=== Section Start ===

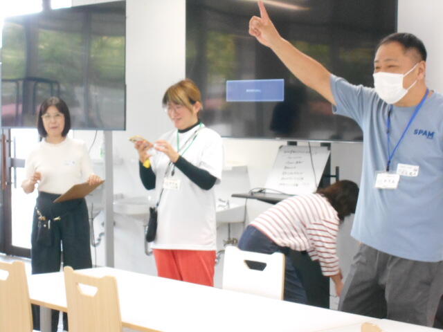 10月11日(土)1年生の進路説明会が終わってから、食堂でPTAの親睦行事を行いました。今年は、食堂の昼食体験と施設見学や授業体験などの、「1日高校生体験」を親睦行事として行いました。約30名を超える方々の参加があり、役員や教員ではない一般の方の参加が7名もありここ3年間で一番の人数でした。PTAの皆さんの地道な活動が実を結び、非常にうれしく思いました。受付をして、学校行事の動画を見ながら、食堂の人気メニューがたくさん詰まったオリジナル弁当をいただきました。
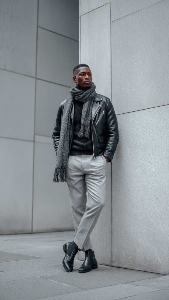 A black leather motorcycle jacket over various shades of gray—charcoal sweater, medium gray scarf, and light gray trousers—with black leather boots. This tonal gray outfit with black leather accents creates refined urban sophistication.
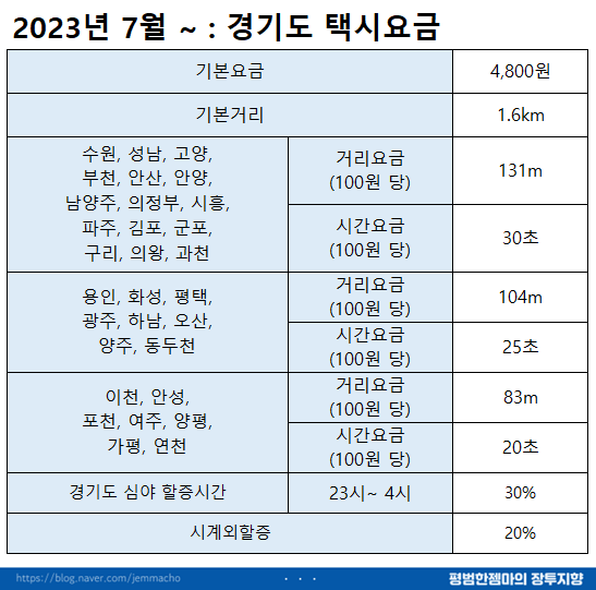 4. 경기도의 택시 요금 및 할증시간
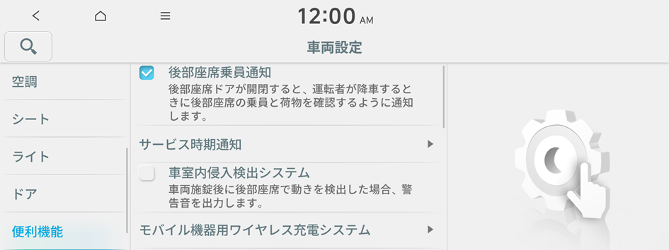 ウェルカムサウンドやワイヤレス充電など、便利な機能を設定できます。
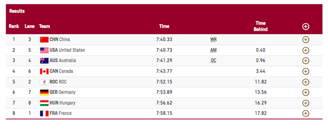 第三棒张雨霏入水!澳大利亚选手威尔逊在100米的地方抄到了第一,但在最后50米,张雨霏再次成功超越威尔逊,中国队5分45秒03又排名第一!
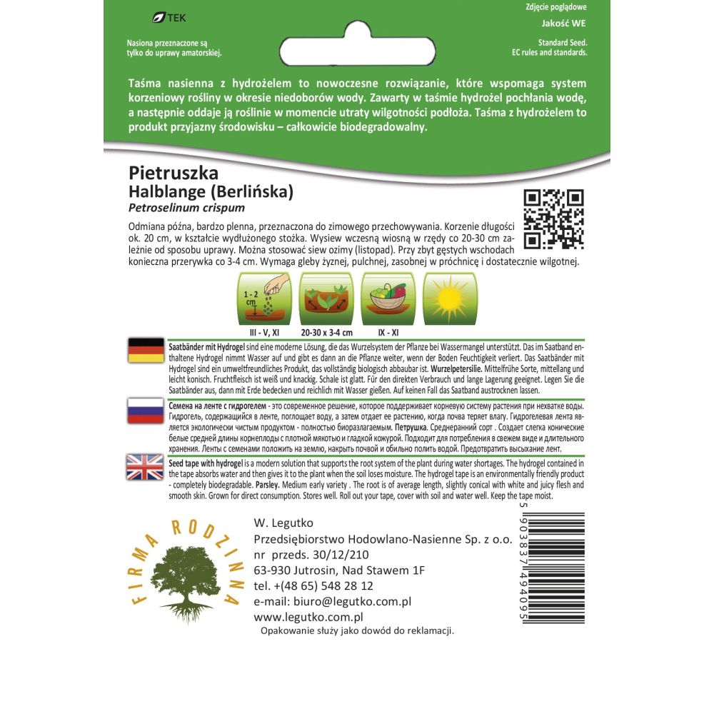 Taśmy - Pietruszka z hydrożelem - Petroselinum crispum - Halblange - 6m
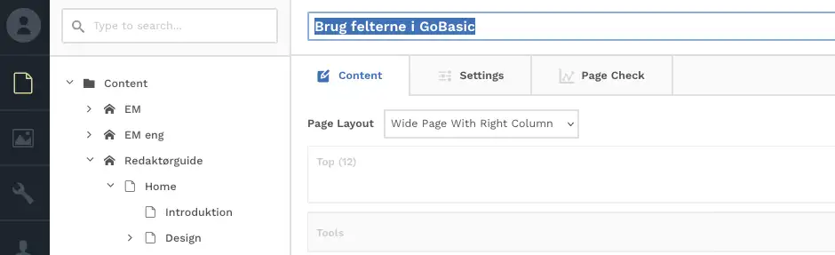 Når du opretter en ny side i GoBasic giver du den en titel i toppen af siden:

=== Section End ===

Once the line containing "ウェルカムサウンドやワイヤレス充電など、便利な機能を設定できます。" is found, transcribe it and the rest of the lines to the end of the listing above exactly, omitting all pictures.

 ウェルカムサウンドやワイヤレス充電など、便利な機能を設定できます。
 第三棒张雨霏入水!澳大利亚选手威尔逊在100米的地方抄到了第一,但在最后50米,张雨霏再次成功超越威尔逊,中国队5分45秒03又排名第一!
 Taśmy - Pietruszka z hydrożelem - Petroselinum crispum - Halblange - 6m
 Når du opretter en ny side i GoBasic giver du den en titel i toppen af siden:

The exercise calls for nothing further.